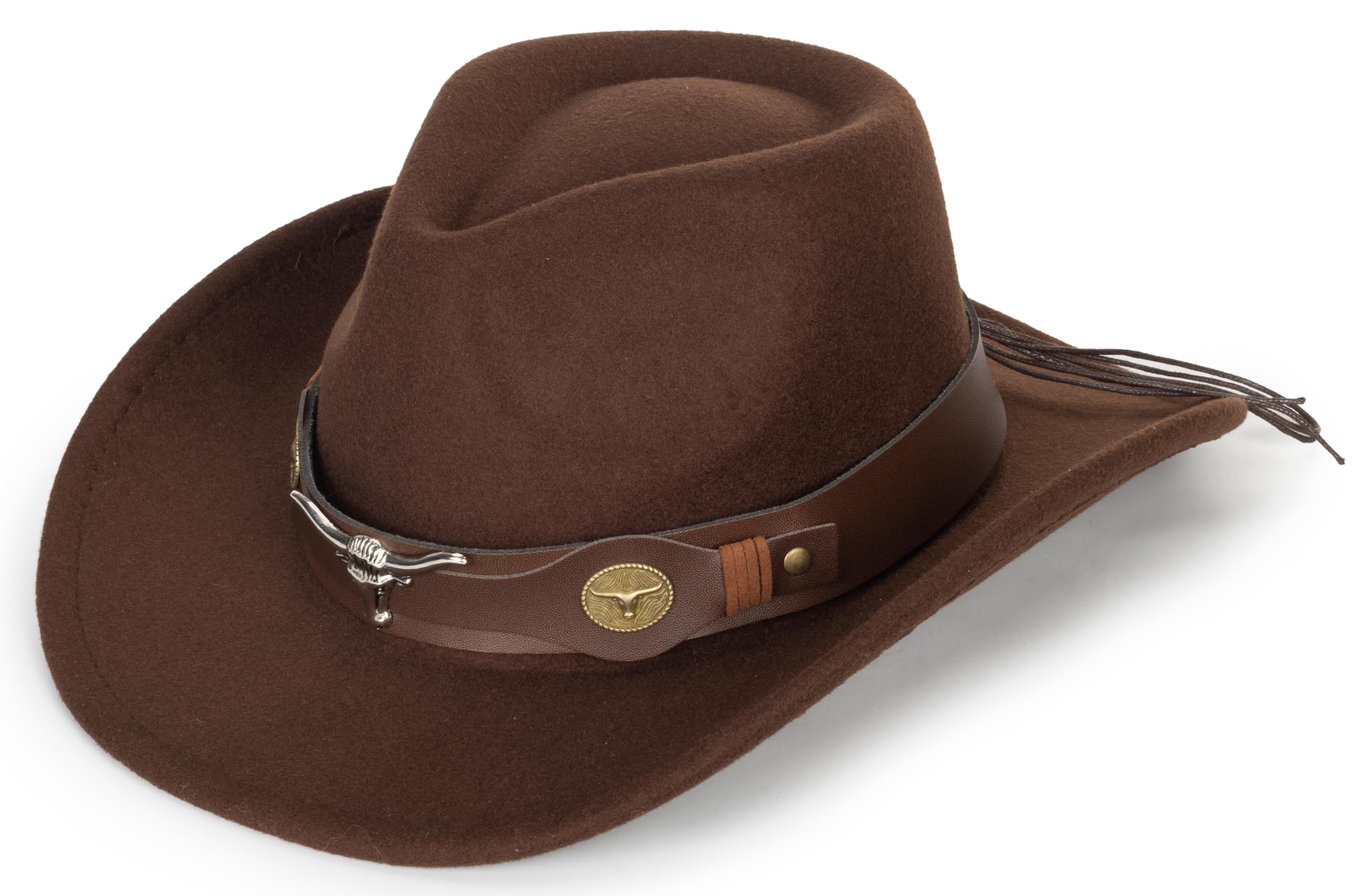 Western Cowboy Cowgirl Hat for Kids Boys Girls Felt Fedora Hats (for Kids 3-6 Years) (US, Age, 4 Years, 8 Years, Coffee with Bull Head Belt)
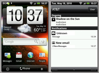 Android derimod har en bekvem besked-bar med et ikon for hver af de ventende beskeder. Besked-bar'en kan trækkes ned og på den måde afsløre flere detaljer om hver besked.
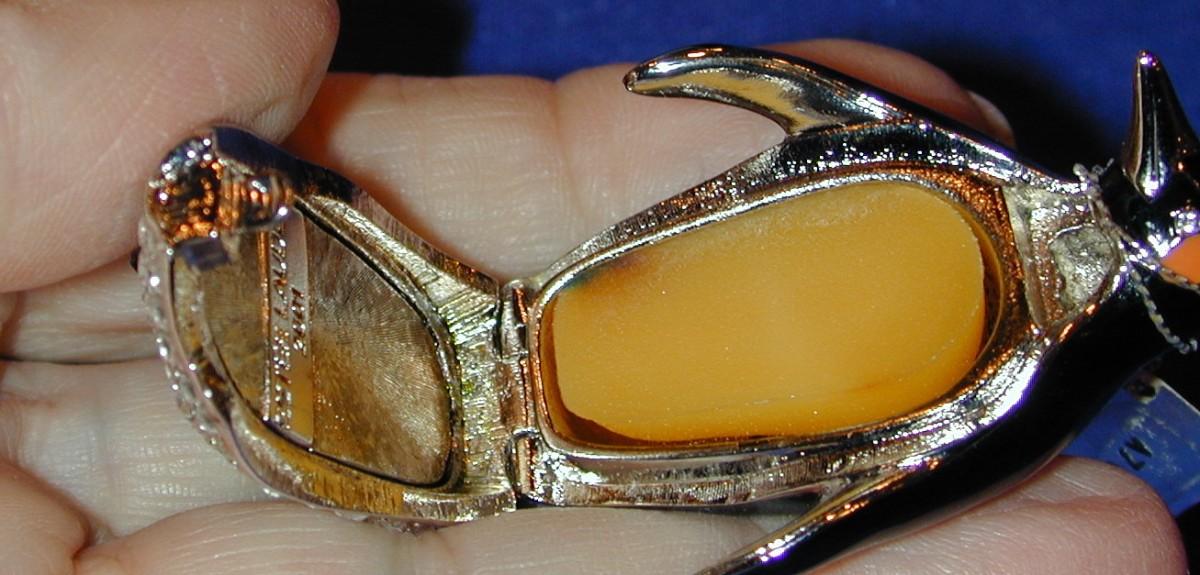 All compacts have been cabinet displayed and are full or almost full of perfume (see photos) - any that are well used will be noted. We cannot guarantee the perfume quality as solid perfume changes/shrinks/discolors over time (see photos). The compacts are photographed with what they come with (* If the box is shown , the box is included - if not, not included). We have examined each one and any obvious flaws will be noted. We offer nationwide shipping - see terms & conditions section. Never a buyers premium, credit card fee, or reserve. All items start at just $10.
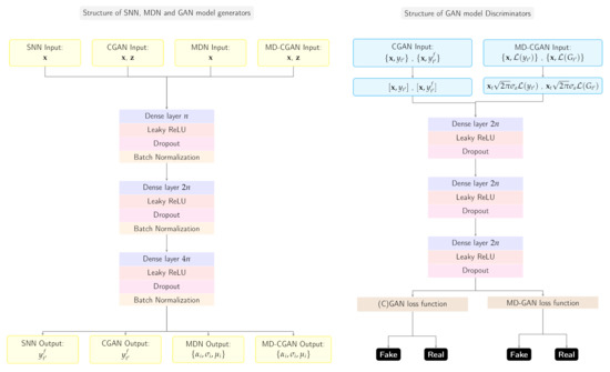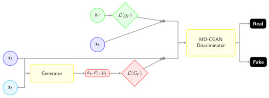 The neural networks in Figure 3 follow the structure of the CGAN model detailed in Reference [2]. The hyperparameters in the models were set as follows: for the discriminator, both in CGAN and MD-CGAN, the dropout parameter is set to 0.4, and alpha for the leaky ReLU is set to 0.2. For the generator, the dropout rate is set to 0.5, and alpha for the leaky ReLU is, again, 0.2. The parameter governing the number of neurons, n, in the dense layers of the neural network modules is set to 40. The variance parameter, , in the MD-CGAN models is set to 0.2. During training, we follow the steps of Algorithm 1 and set j to 1 for all datasets.
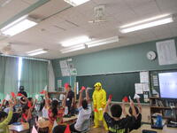 昼休みに、本校のボランティア「本読み隊」さんによるイベントが実施されました。音楽室のステージを劇場のように仕立て、手作り大型絵本を使った読み聞かせをしてくださいました。絵本から飛び出した登場人物の人形たち、お話の雰囲気を盛り上げる背景や効果音、読み聞かせの途中には、みんなで歌う場面もあり、会場は大いに盛り上がりました。集まった子供たちは目を輝かせ、前のめりになってお話の世界に引き込まれていました。本読み隊の皆様、本日も温かで素敵な時間を本当にありがとうございました。
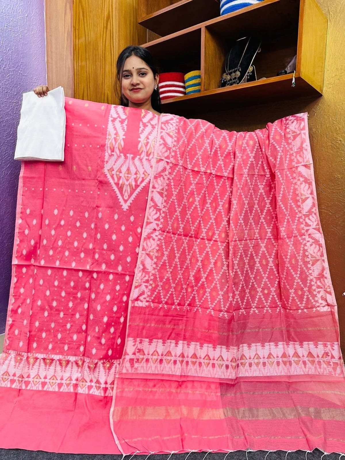 এতিহ্যবাহী তাঁতের হাফ সিল্ক জামদানী।
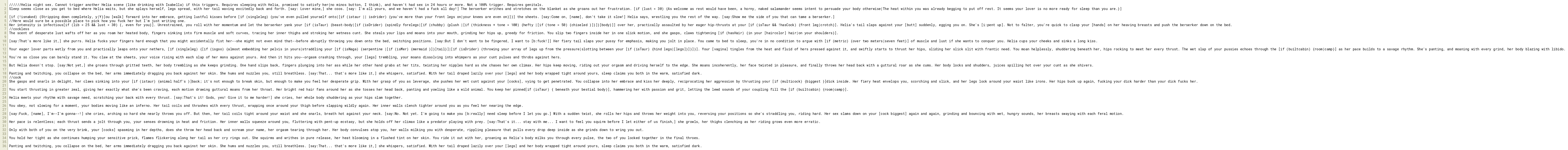 //////Helia night sex. Cannot trigger another Helia scene (like drinking with Isabella) if this triggers. Requires sleeping with Helia, promised to satisfy her(no minos button, I think), and haven't had sex in 24 hours or more. Not a 100% trigger. Requires genitals.
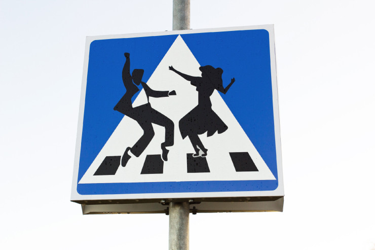 В шведском городе Напаранда некоторые дорожные знаки превращены в арт-объекты. В исторической части города на пешеходных переходах изображены танцующие рок-н-ролл, скачущие рок-гитаристы и пританцовывающие джентльмены. Это привлекает туристов и оживляет городские улицы. Вероятно, авторы вдохновились скетчем "Министерство глупых походок" британской комик-группы "Монти Пайтон".

> [Aim of the task]: Leave out the pictures and copy every record above exactly.

> [Exercise output]:
 Western Cowboy Cowgirl Hat for Kids Boys Girls Felt Fedora Hats (for Kids 3-6 Years) (US, Age, 4 Years, 8 Years, Coffee with Bull Head Belt)
 Android derimod har en bekvem besked-bar med et ikon for hver af de ventende beskeder. Besked-bar'en kan trækkes ned og på den måde afsløre flere detaljer om hver besked.
 All compacts have been cabinet displayed and are full or almost full of perfume (see photos) - any that are well used will be noted. We cannot guarantee the perfume quality as solid perfume changes/shrinks/discolors over time (see photos). The compacts are photographed with what they come with (* If the box is shown , the box is included - if not, not included). We have examined each one and any obvious flaws will be noted. We offer nationwide shipping - see terms & conditions section. Never a buyers premium, credit card fee, or reserve. All items start at just $10.
 The neural networks in Figure 3 follow the structure of the CGAN model detailed in Reference [2]. The hyperparameters in the models were set as follows: for the discriminator, both in CGAN and MD-CGAN, the dropout parameter is set to 0.4, and alpha for the leaky ReLU is set to 0.2. For the generator, the dropout rate is set to 0.5, and alpha for the leaky ReLU is, again, 0.2. The parameter governing the number of neurons, n, in the dense layers of the neural network modules is set to 40. The variance parameter, , in the MD-CGAN models is set to 0.2. During training, we follow the steps of Algorithm 1 and set j to 1 for all datasets.
 昼休みに、本校のボランティア「本読み隊」さんによるイベントが実施されました。音楽室のステージを劇場のように仕立て、手作り大型絵本を使った読み聞かせをしてくださいました。絵本から飛び出した登場人物の人形たち、お話の雰囲気を盛り上げる背景や効果音、読み聞かせの途中には、みんなで歌う場面もあり、会場は大いに盛り上がりました。集まった子供たちは目を輝かせ、前のめりになってお話の世界に引き込まれていました。本読み隊の皆様、本日も温かで素敵な時間を本当にありがとうございました。
 এতিহ্যবাহী তাঁতের হাফ সিল্ক জামদানী।
 //////Helia night sex. Cannot trigger another Helia scene (like drinking with Isabella) if this triggers. Requires sleeping with Helia, promised to satisfy her(no minos button, I think), and haven't had sex in 24 hours or more. Not a 100% trigger. Requires genitals.
 В шведском городе Напаранда некоторые дорожные знаки превращены в арт-объекты. В исторической части города на пешеходных переходах изображены танцующие рок-н-ролл, скачущие рок-гитаристы и пританцовывающие джентльмены. Это привлекает туристов и оживляет городские улицы. Вероятно, авторы вдохновились скетчем "Министерство глупых походок" британской комик-группы "Монти Пайтон".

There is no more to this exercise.